Chronic Obstructive Pulmonary Disease (COPD) is a common chronic respiratory disease responsible for significant morbidity and mortality. Population-based health administrative databases provide a powerful and unbiased way of studying COPD in the population, however, their ability to accurately identify patients with this disease must first be confirmed. The objective was to validate population-based health administrative definitions of COPD. Previously abstracted medical records of adults over the age of 35 randomly selected from primary care practices in Ontario, Canada were reviewed by an expert panel to establish if an individual did or did not have a diagnosis of COPD. These reference designations were then linked to each individual's respective health administrative database record and compared with predefine health administrative data definitions of COPD. Concepts of diagnostic test evaluation were used to calculate and compare their test characteristics. The most sensitive health administrative definition of COPD was 1 or more ambulatory claims and/or 1 or more hospitalizations for COPD that yielded a sensitivity of 85.0% (95% confidence interval 77.0 to 91.0) and a specificity of 78.4% (95% confidence interval 73.6 to 82.7). As number of ambulatory claims in the definition increased, sensitivity decreased and specificity increased. Individuals with COPD can be accurately identified in health administrative data, and therefore it may be used to create an unbiased population cohort for surveillance and research. This offers a powerful means of generating evidence to inform strategies that optimize the prevention and management of COPD.

INTRODUCTION

Chronic obstructive pulmonary disease (COPD) is a common, chronic respiratory condition that imposes a heavy and expensive burden on individuals and health care systems. Previous population work evaluating the burden of COPD has been based on national population based cross-sectional surveys and cohort studies in specific populations (Citation[1]). Although these estimates are useful, they are limited by their cross-sectional nature, their focus on specific populations, and/or their inability to compare estimates between smaller regional areas or patient subgroups. They have also generally excluded individuals living in institutions or on-reserves–two groups that would be considered to have a higher prevalence of COPD. Ideally, a prospective clinical disease registry of all affected individuals would be used to understand the burden of COPD; however, the resources and time that would be needed to find and enter the hundreds of thousands of people who have COPD would be considerable. Health administrative (HA) databases provide an unbiased and more practical way of surveying and studying COPD in the population which is relatively inexpensive and quick. This is particularly true in a large universal, single payer health care system where all health care claims for the population can be accessed from a few linkable databases. Analysis of HA data can be useful to health policy makers and clinical researchers to define incidence and prevalence of COPD, determine burden of disease, ascertain resource utilization, follow cohorts of individuals with COPD longitudinally, and develop and evaluate disease management strategies.
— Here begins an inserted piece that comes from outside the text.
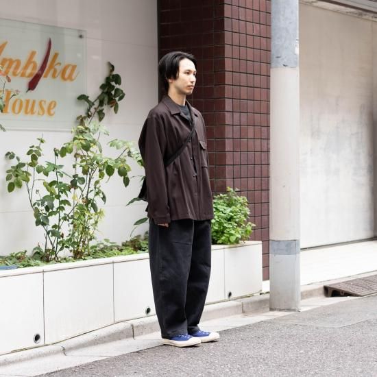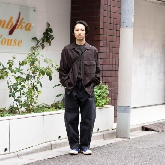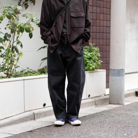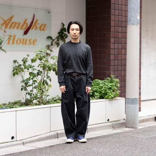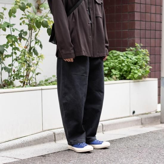 フロントタックがしっかり深いデザインで外脇がカーブしたシルエットのパンツです。
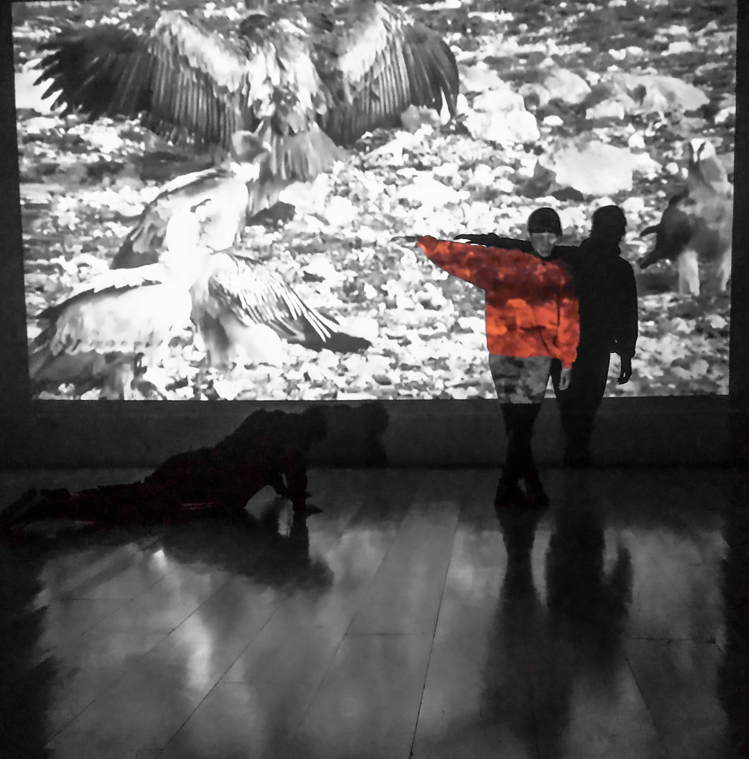 En Buitres, buscamos posicionarnos políticamente, pero antes del lenguaje. Esto es: nos interesa el ejercicio de “vaciar” el cuerpo de sus sentidos culturales y observar esta “muerte” como un gesto micro político de renacimiento. Este gesto concreto y material es un modo de relacionarnos desde el cuerpo al mundo. Un gesto que se acciona en su devenir, como lo fue aquel gesto de Lautaro en tanto doble acción revolucionaria: la muerte de Pedro de Valdivia a manos de este cacique mapuche es una buena analogía para entender la muerte en territorio de conquista. Identidad, subjetividad y emancipación terminan siendo elementos de una misma triangulación dramatúrgica.

In order to create an accurate and comprehensive COPD surveillance and research program, health administrative population-based data that captures all hospital and emergency department admissions, physician visits, laboratory and diagnostic tests would be ideal. Such a program based on HA databases cannot succeed, however, without first confirming the validity of a COPD diagnosis within these databases. It cannot be presumed that HA data is always valid (Citation[2]). In Ontario, physicians provide diagnostic data, usually recorded at the time of patient encounter, and there are no incentives tied to accuracy. In addition, there is relatively little verification of data once it has been entered. Therefore, in order to validate the diagnosis of COPD in Ontario population-based HA databases—specifically to assess HA algorithms for case capture and to determine their measures of performance (sensitivity, specificity, predictive values)—a validation study was conducted.

MATERIALS AND METHODS

Study design

A chart verification study comparing HA definitions of COPD to clinical diagnoses of individuals with and without COPD was conducted.

Subjects

Chart abstractions of patients charts from primary care physician offices were obtained for the purpose of validating respiratory disease diagnoses in HA databases. Four hundred forty-two charts for adults 35 years of age and older were used in the current study. These charts were from patients with COPD (113 charts), asthma, other respiratory conditions and controls without respiratory disease as described in detail below. Patients with asthma and respiratory related conditions were included in order to ensure that a validated HA definition of COPD would be able to distinguish COPD from these other diseases that it clinically resembles. Patients with these conditions were also included because individuals with non-diagnosed clinically significant COPD were most likely to be found in these groups, thereby allowing such patients to be represented in the study cohort.

Chart abstractions

Study patients were randomly selected from primary care physician (PCP) practises which were, in turn, randomly selected from PCP practises across Ontario—a province in Canada with a population of about 12 million people. The sampling frame for the PCP practices included 5821 primary care practitioners identified in the Canadian Medical Directory Database who had treated 30 or more COPD and 30 or more asthma patients in 2003. This was done because recruiting PCP and travelling to their offices was a very resource intense process and we wanted to ensure sufficient patients to study. This frame was then stratified into eastern, central and western Ontario and equal numbers of PCPs were selected from each region. A letter was mailed and a follow-up phone call made to 81 PCPs inviting them to participate in the study. Forty responded, and of these 22 chose not to participate. A further 5 were excluded because they did not have an office based practise, did not have the time or space to accommodate a chart abstractor working in their office, or did not use an electronic claim submission and billing system. This left 13 PCPs who agreed and were eligible to participate.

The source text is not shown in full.